Monday, July 30, 2012


This is the season of long evenings and long drinks with neighbours and their chums. Having survived quite a few liver-bashing sessions recently, I was a tad apprehensive when Jean-Marc and Elizabeth rang up yesterday to invite me to a Sunday lunchtime barbie with friends and family. Cadged a lift there with Isabelle and Christian but, somewhat confusingly, we drove straight past Jean-Marc's house and eventually stopped at a clearing about a mile up the road.

I've driven past this clearing quite often recently (it's on our route to Limoges airport) and know it to be where Jean-Marc had plans to build a lake - presumably a little one for fishing. Never been much to look at, just fleeting glimpses of felled trees and dug out rocks.
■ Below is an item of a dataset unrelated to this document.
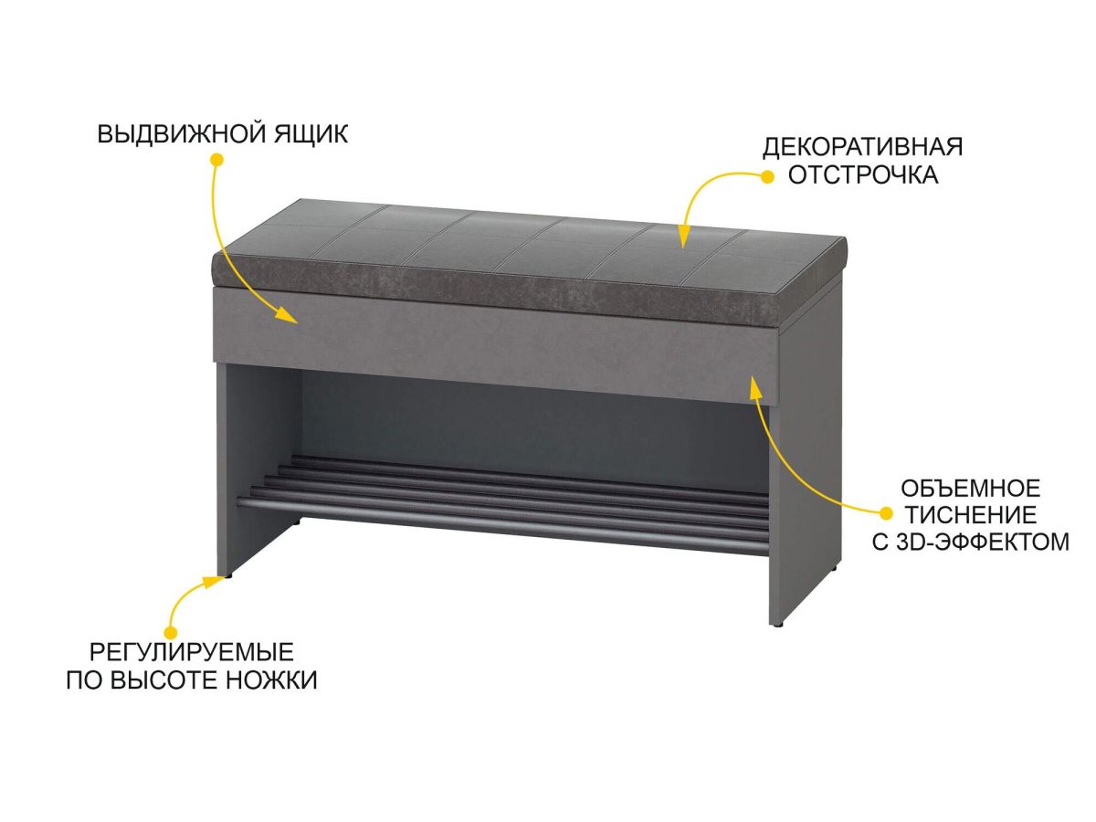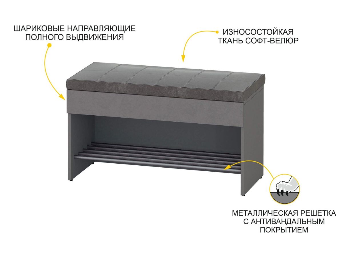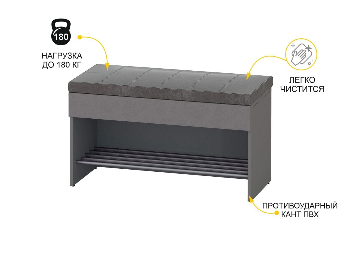 - Банкетка произведена из ЛДСП повышенной плотности. Материал устойчив к механическим и термическим воздействиям. ЛДСП выдерживает min 300 циклов на истирание, что почти в 5 раз больше, чем требуется по ГОСТу (min 65).

However, as the three of us parked up, I was amazed to see water where there had previously been earth. And a most impressive sight it was too.

Joined the gang of about twenty (24 including dogs) at a couple of shady tables in a distant corner of the lake and began a thoroughly enjoyable afternoon of noshing, nattering, boozing, boating, swimming (in knickers - I hadn't been briefed!) and generarally having a rather jolly time. Didn't really understand most of the nattering (I rarely do!) but was quite surprised to discover that Elizabeth's sister was married to Jean-Marc's brother. Two sisters married to two brothers!
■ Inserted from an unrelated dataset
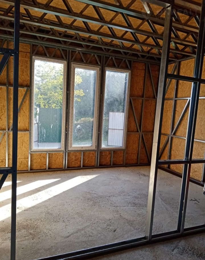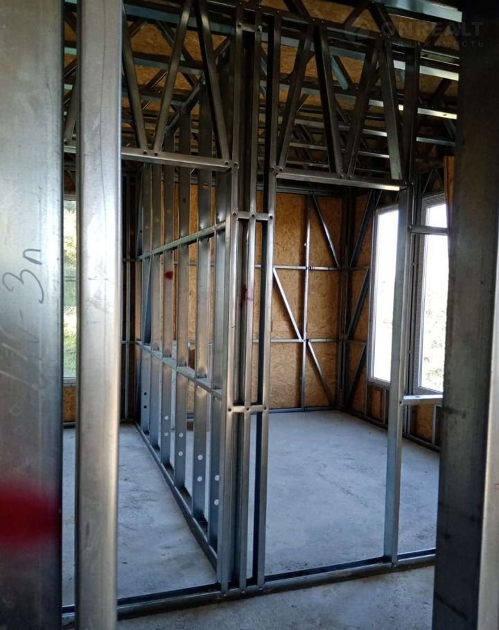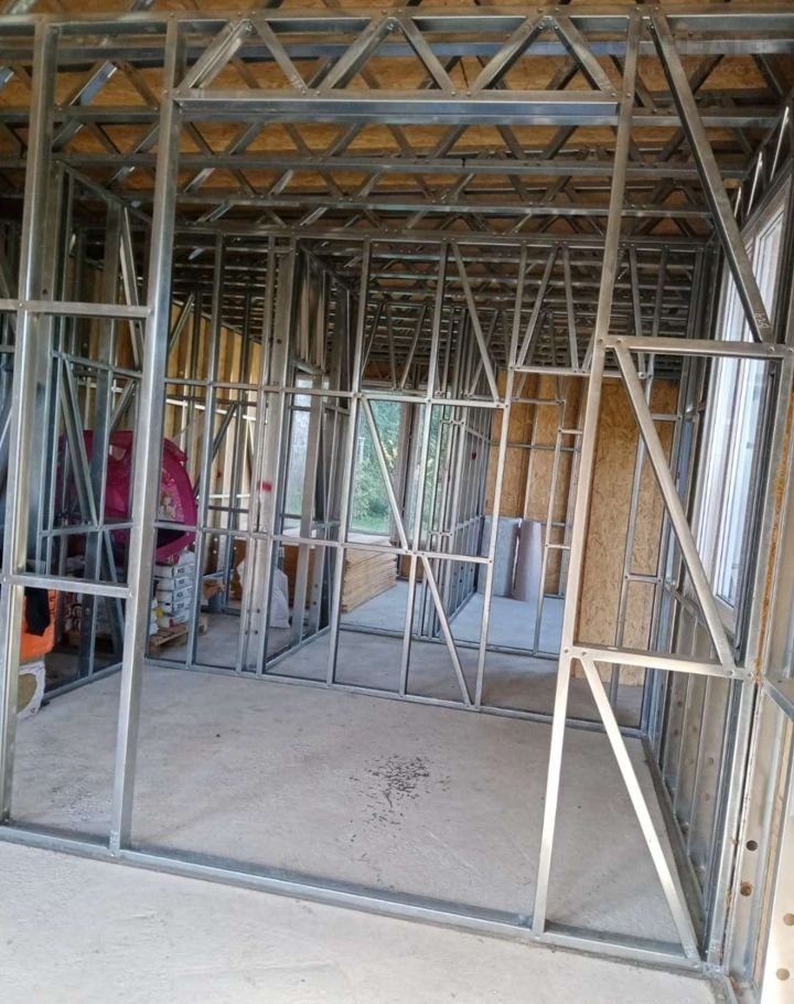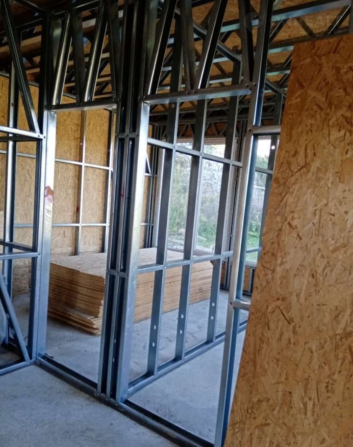 Дом построен из ЛСТК. Фундамент: подушка + сваи. Внутренней отделки нет.

At around 5ish, I was half-expecting everyone to start packing up and preparing to hit the homeward trail, but, in typically French fashion, more grub and booze suddenly appeared. Lunchtime was long gone and, as the evening shadows started lengthening and sweaters were donned, suppertime had begun. More sizzling sausages, more barbied meaty bits wrapped in foil, more rice and veg, more of everything, only this time with cakes and puds. Still beats me how these Frenchies manage to eat so much. And drink so much! By this time I'd given in and hit the beers and water. Christian too. But, there again, he was driving.
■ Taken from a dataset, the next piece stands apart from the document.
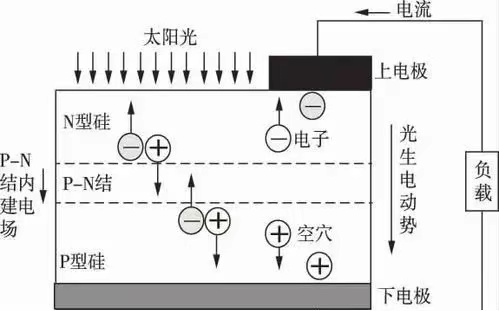在陽光照射下具有特殊電性能的半導(dǎo)體內(nèi)可以產(chǎn)生自由電荷。這些自由電荷定向移動并積累,從而在其兩端閉合時便產(chǎn)生電能。

Eventually packed up at about 8ish and began loading Jean-Marc's lorry with chairs, tables, bottles, unfinished grub and the big, portable, gas-fired barbie. Hopped into Christian's 4x4, drove down to Jean-Marc's, helped unload the stuff, thanked them for a wonderful afternoon, hopped back into the 4x4 and arrived back home at about 9ish feeling very full and clutching damp knickers.

Rang up Georgie who said it had been raining back in Blighty. But, on a brighter note, a GB cyclist had won the silver medal in the women's olympic cycle race. Well done! And Georgie had apparently stood in the pouring rain while watching them whizz past the bottom of her Putney road en-route to the finishing line in The Mall. Made me feel a bit guilty about having sunburn.

Saturday, July 14, 2012

Picking up the Honda

After communicating with the Honda seller by emails and a couple of phone calls, and after the money was transferred, all that remained to do was to get insured and then nip down to the Ardeche region to pick up the bike. Vendor reckoned the trip back would take about five or six hours, and I reckoned to get down there by train would take about the same. So, I should be able to get there and back in a day if I left early. Dogs wouldn't like being housebound for a day but they'd survive.

Arranged with the vendor to turn up last Thursday. Got insured on the Monday then popped into the travel ticket office in Aubusson. Oops! Discovered that the journey would take about eight hours and the departure time was around 1pm. So..., had to book the mutts into the kennels the following day (Tuesday) and pick them up on the Friday. Booked travel ticket for the Wednesday (40 euros - reduced rate for us old gits) and a hotel for Wednesday night at Montélimar (50 euros including breakfast - cheap and cheerful). Vendor kindly agreed to pick me up from the hotel on the Thursday morning (he lived about 20 miles away). After doing the paperwork I should hit the homeward trail around mid-day and arrive home at about 6pm. Seemed fairly straight-forward. Never is though.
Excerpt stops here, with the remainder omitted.